• _Assigned task_
Your answer must be the line containing "主卫夹在卧室和衣帽间之间。扩" and each following line to the end of the listing below, copied exactly, with pictures removed and nothing added.

• _Available data_

++++

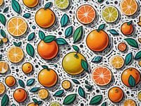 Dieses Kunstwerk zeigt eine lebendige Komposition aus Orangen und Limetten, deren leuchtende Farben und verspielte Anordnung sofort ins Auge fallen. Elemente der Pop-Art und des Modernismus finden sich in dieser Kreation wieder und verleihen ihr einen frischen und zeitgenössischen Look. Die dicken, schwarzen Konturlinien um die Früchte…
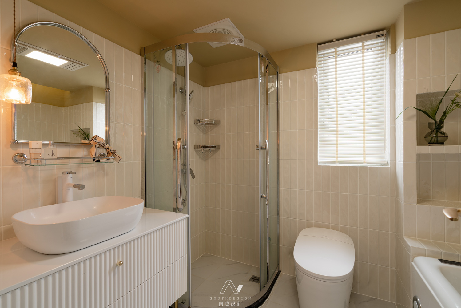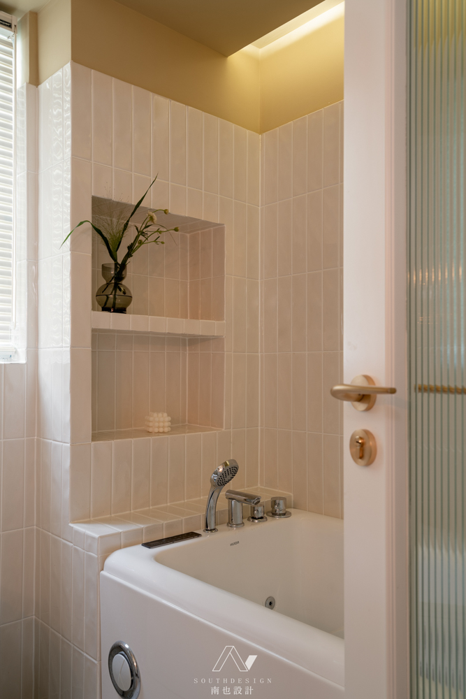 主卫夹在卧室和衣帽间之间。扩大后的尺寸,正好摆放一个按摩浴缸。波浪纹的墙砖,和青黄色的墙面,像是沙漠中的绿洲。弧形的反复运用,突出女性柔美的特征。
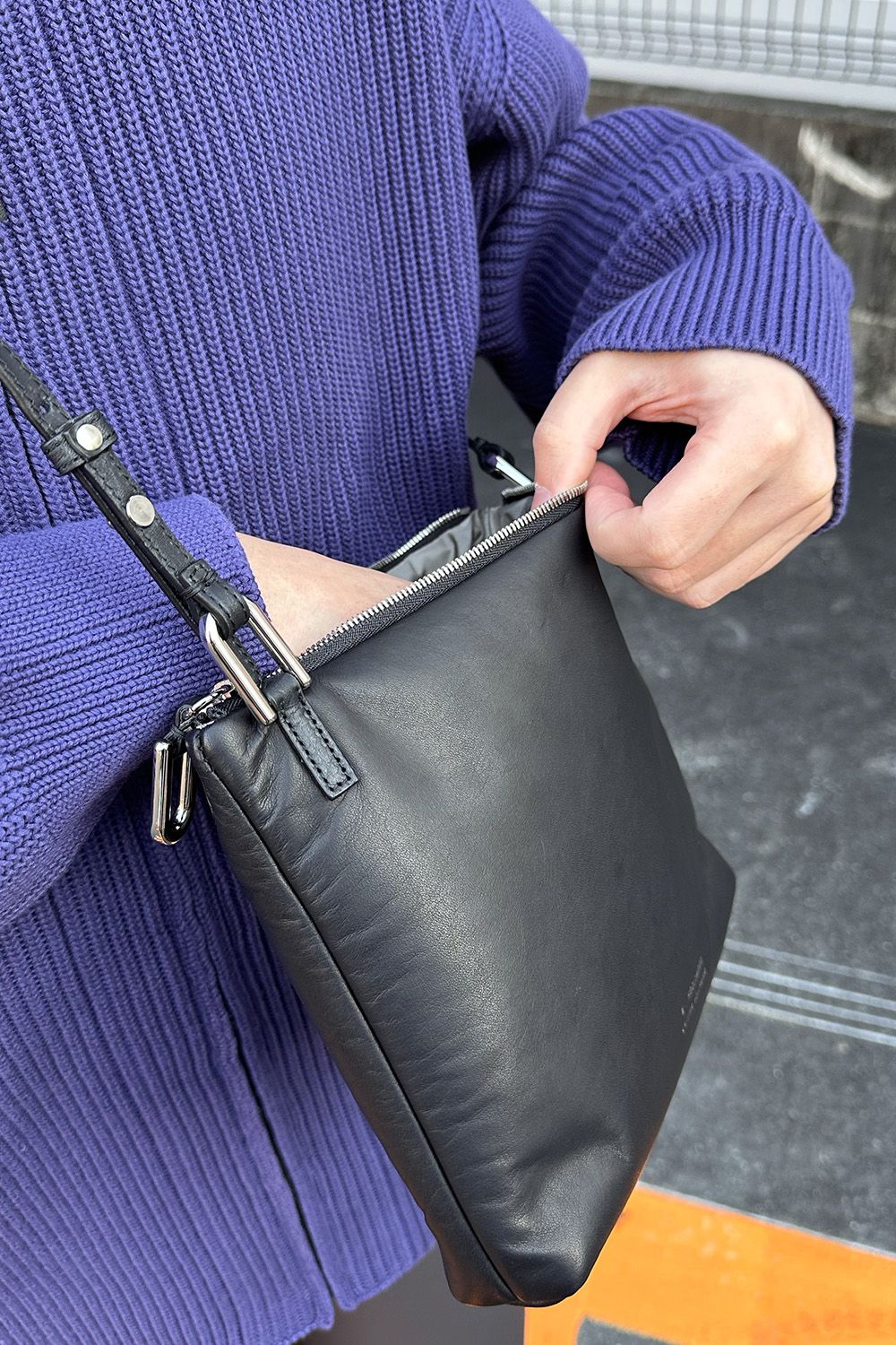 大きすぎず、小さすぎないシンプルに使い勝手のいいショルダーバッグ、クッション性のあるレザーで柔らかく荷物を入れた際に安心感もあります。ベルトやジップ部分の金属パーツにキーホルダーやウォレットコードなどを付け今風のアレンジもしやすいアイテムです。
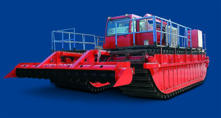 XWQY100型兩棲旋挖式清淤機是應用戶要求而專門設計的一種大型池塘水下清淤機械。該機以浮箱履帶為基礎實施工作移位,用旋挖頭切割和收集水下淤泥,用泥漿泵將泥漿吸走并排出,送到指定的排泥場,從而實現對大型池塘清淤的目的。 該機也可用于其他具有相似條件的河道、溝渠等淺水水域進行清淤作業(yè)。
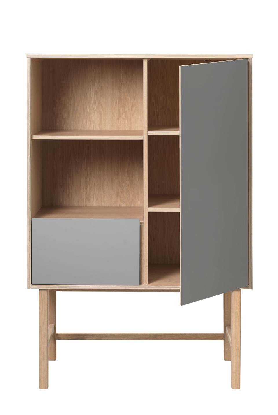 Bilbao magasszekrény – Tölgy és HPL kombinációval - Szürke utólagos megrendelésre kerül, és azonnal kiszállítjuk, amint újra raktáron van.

++++

• _Response_
 主卫夹在卧室和衣帽间之间。扩大后的尺寸,正好摆放一个按摩浴缸。波浪纹的墙砖,和青黄色的墙面,像是沙漠中的绿洲。弧形的反复运用,突出女性柔美的特征。
 大きすぎず、小さすぎないシンプルに使い勝手のいいショルダーバッグ、クッション性のあるレザーで柔らかく荷物を入れた際に安心感もあります。ベルトやジップ部分の金属パーツにキーホルダーやウォレットコードなどを付け今風のアレンジもしやすいアイテムです。
 XWQY100型兩棲旋挖式清淤機是應用戶要求而專門設計的一種大型池塘水下清淤機械。該機以浮箱履帶為基礎實施工作移位,用旋挖頭切割和收集水下淤泥,用泥漿泵將泥漿吸走并排出,送到指定的排泥場,從而實現對大型池塘清淤的目的。 該機也可用于其他具有相似條件的河道、溝渠等淺水水域進行清淤作業(yè)。
 Bilbao magasszekrény – Tölgy és HPL kombinációval - Szürke utólagos megrendelésre kerül, és azonnal kiszállítjuk, amint újra raktáron van.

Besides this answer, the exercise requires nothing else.